The proof of item (4) is as follows:

$``(A,B,C)=(U,\emptyset ,W)^{\prime \prime } \Rightarrow `` B=\emptyset ^{\prime \prime } \Rightarrow ``\overline {apr}(A,B,C)=(U,\emptyset ,W) \text {according} \text {to} \text {Definition} 10(4))^{\prime \prime } \Rightarrow ``\overline {apr}(A,B,C)=(A,B,C)^{\prime \prime }$.

The proof of item (5) is as follows:

According to Definition 11(1) and ⊔-closed of $\mathcal {T}\mathcal {I}$, it is easily obtained that $\underline {apr}(A,B,C)\in \mathcal {T}\mathcal {I}$ by Definition 10. Thus, $(A,B,C)\in \mathcal {T}\mathcal {I}$ holds since $\underline {apr}(A,B,C)=(A,B,C)$.
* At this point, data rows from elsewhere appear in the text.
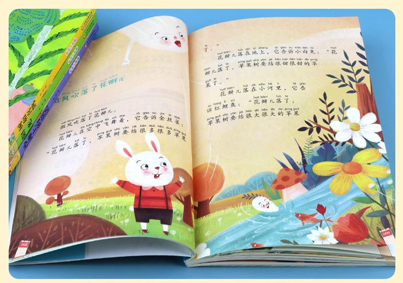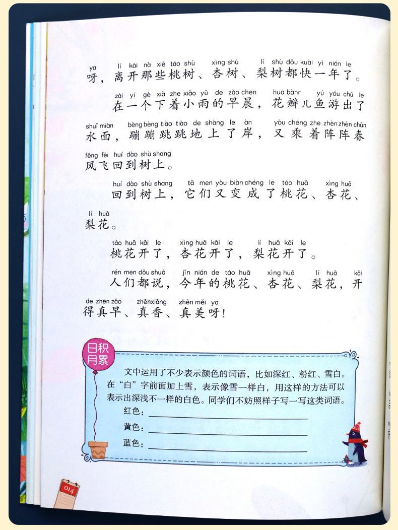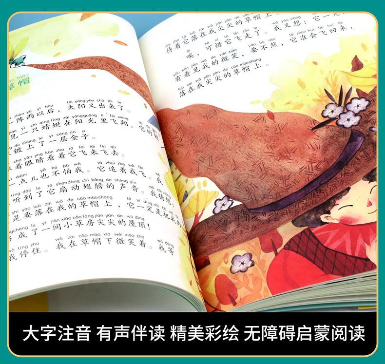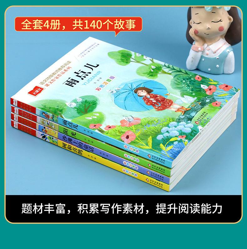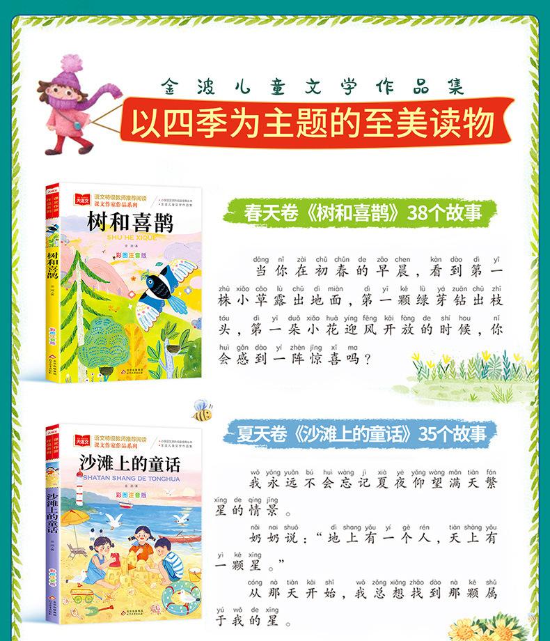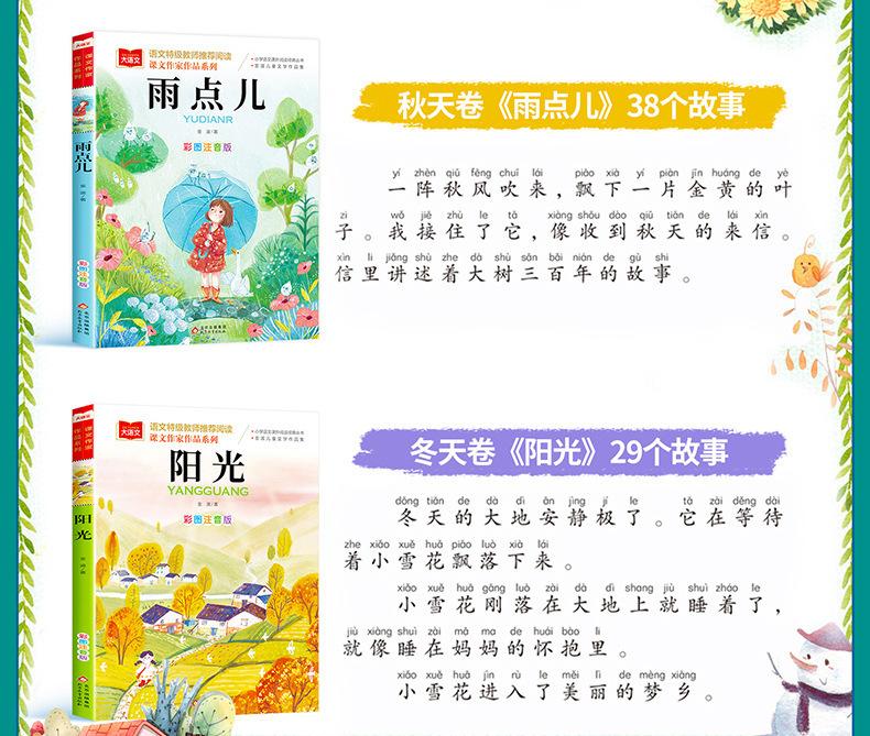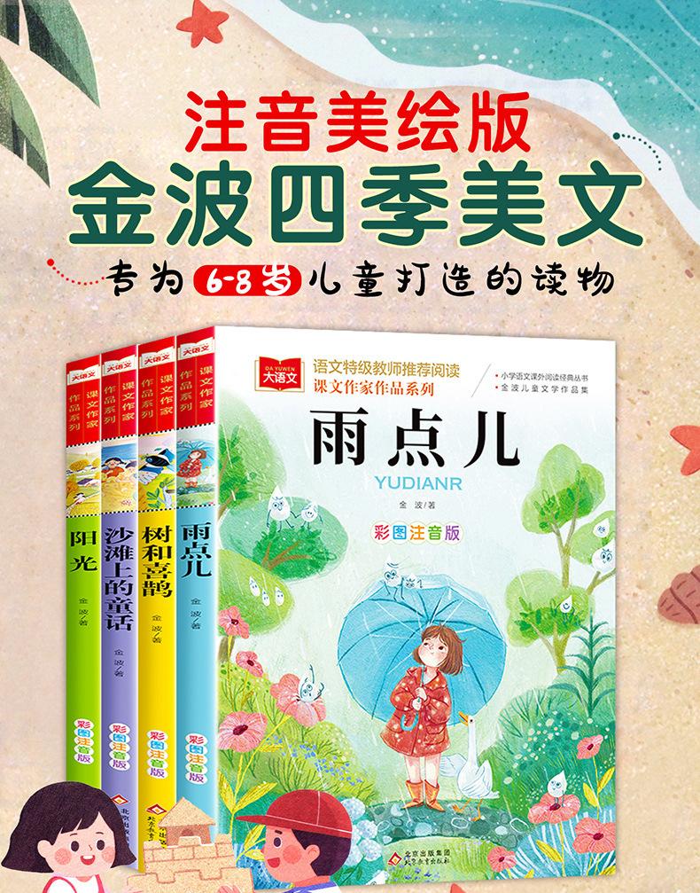 Jinbo Primavera, Verano, Otoño e Invierno Hermosos Ensayos con Imágenes a Color Versión Fonética Cuento de Hadas del Árbol y la Urraca Gota de Lluvia Sol en la Playa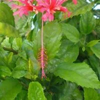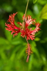 A vigorous, floriferous, pendulous-flowered red hibiscus bearing its flowers on erect stems.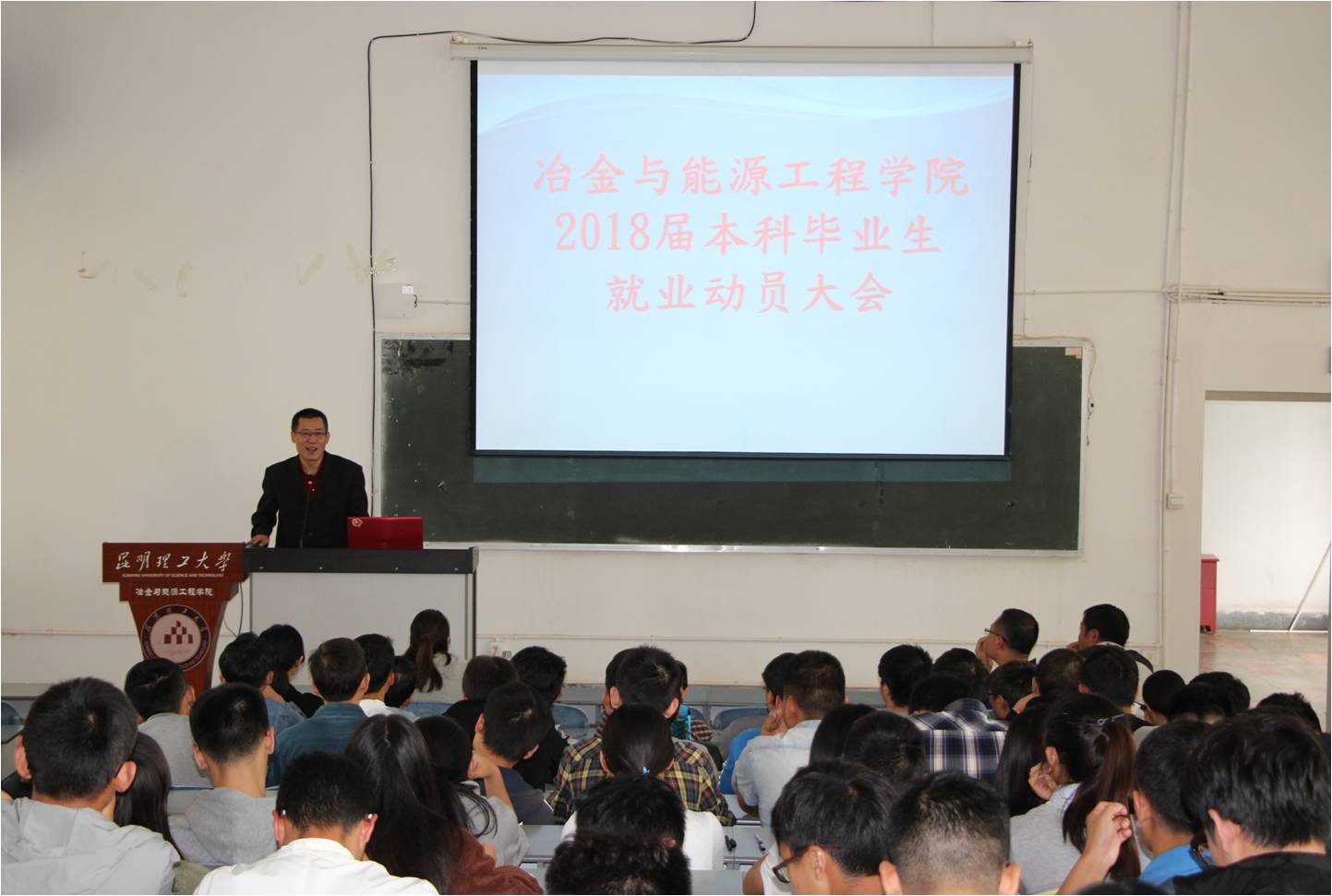 2018届本科毕业生就业动员大会在莲华校区基础楼200报告厅顺利召开,院党委陈杨健书记,新能源系、能动系、冶金系负责老师,学工办老师、毕业班专业导师以及魔镜号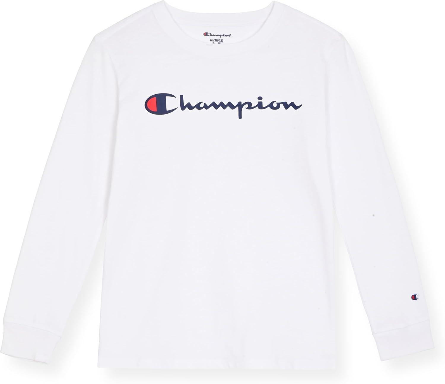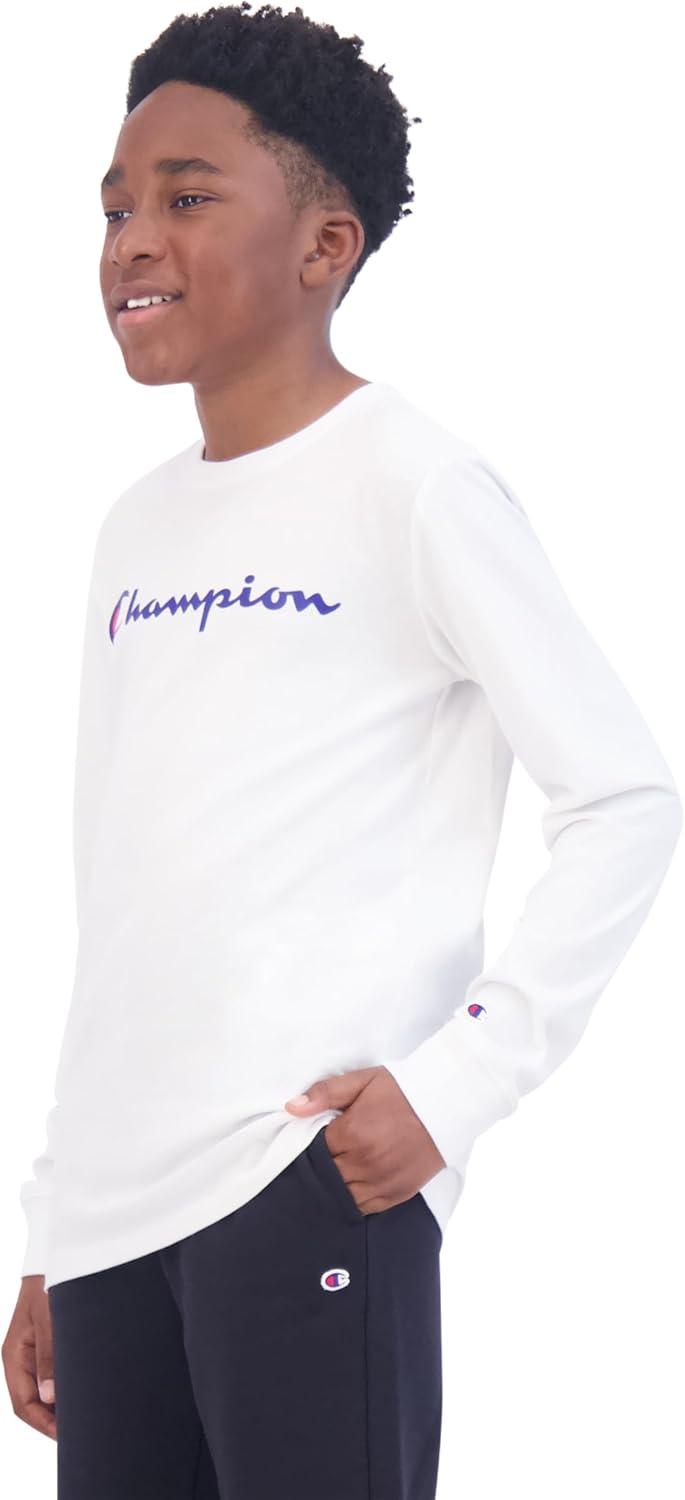 Champion Boys’ Long Sleeve Tee Shirt for Kids Athletic Tops(Signature Bright White)

The proof of item (6) is as follows:

$$ \begin{array}{@{}rcl@{}} &&(X_{\alpha},Y_{\alpha},Z_{\alpha})\in low(A,B,C) (\forall \alpha\in{\Lambda}) \\ &&\Rightarrow (X_{\alpha}, Y_{\alpha}, Z_{\alpha})\sqsubseteq (A,B,C) (\forall\alpha\in {\Lambda}) \qquad (\text{Definition} 11(1)) \\ &&\Rightarrow X_{\alpha}\subseteq A,Y_{\alpha}\supseteq B, Z_{\alpha}\subseteq C (\forall\alpha\in{\Lambda}) \qquad (\text{Definition} \text{of} \sqsubseteq )\\ &&\Rightarrow \bigcup\limits_{\alpha\in{\Lambda}}X_{\alpha}\subseteq A, \bigcap\limits_{\alpha\in{\Lambda}}Y_{\alpha}\supseteq B, \bigcup\limits_{\alpha\in{\Lambda}}Z_{\alpha}\subseteq C \\ &&\Rightarrow (\bigcup\limits_{\alpha\in{\Lambda}}X_{\alpha},\bigcap\limits_{\alpha\in{\Lambda}}Y_{\alpha},\bigcup\limits_{\alpha\in{\Lambda}}Z_{\alpha})\sqsubseteq (A,B,C) \qquad (\text{Definition} \text{of} \sqsubseteq)\\ &&\Rightarrow \underline{apr}(A,B,C)\sqsubseteq (A,B,C) \qquad (\text{Definition} 11(3)). \end{array} $$

The proof of item (7) is as follows:

$$ \begin{array}{@{}rcl@{}} &&(A,B,C)\in\mathcal{T}\mathcal{I} \\ && \Rightarrow (A,B,C)\in low(A,B,C)\quad((A,B,C)\sqsubseteq (A,B,C), \text{Definition} 11(1))\\ &&\Rightarrow (A,B,C)=(X_{\alpha_{1}}, Y_{\alpha_{1}},Z_{\alpha_{1}}) \text{for} \text{some} \alpha_{1}\in{\Lambda} \\ &&\Rightarrow A\subseteq \bigcup\limits_{\alpha \in{\Lambda}}X_{\alpha}, B\supseteq B\cap (\bigcap\limits_{\alpha \in{\Lambda}\setminus \alpha_{1}}Y_{\alpha} ), C\subseteq \bigcup\limits_{\alpha \in{\Lambda}}Z_{\alpha}\quad\quad\quad \quad (\alpha\in {\Lambda})\\ &&\Rightarrow (A,B,C)\sqsubseteq\underline{apr}(A,B,C)\quad\quad (\text{Definition} 11(3) \text{and} \text{Definition} \text{of} \sqsubseteq)\\ &&\Rightarrow (A,B,C)=\underline{apr}(A,B,C)\quad\quad(\text{Combining} \text{item} (6)) \end{array} $$

□

A.3: Proof of Theorem 2(2)

Proof

We prove the two parts (⇒) and (⇐).

(⇒): Let $(A,B,C)\in \mathcal {T}\mathcal {I}$. Using Lemma 6(7), we obtain $\underline {apr}(A,B,C)=(A,B,C)$. Combining the precovering of $(U\times V\times W, \mathcal {T}\mathcal {I})$ and Lemma 6(3), we obtain $\overline {apr}(A,B,C)=(A,B,C)$.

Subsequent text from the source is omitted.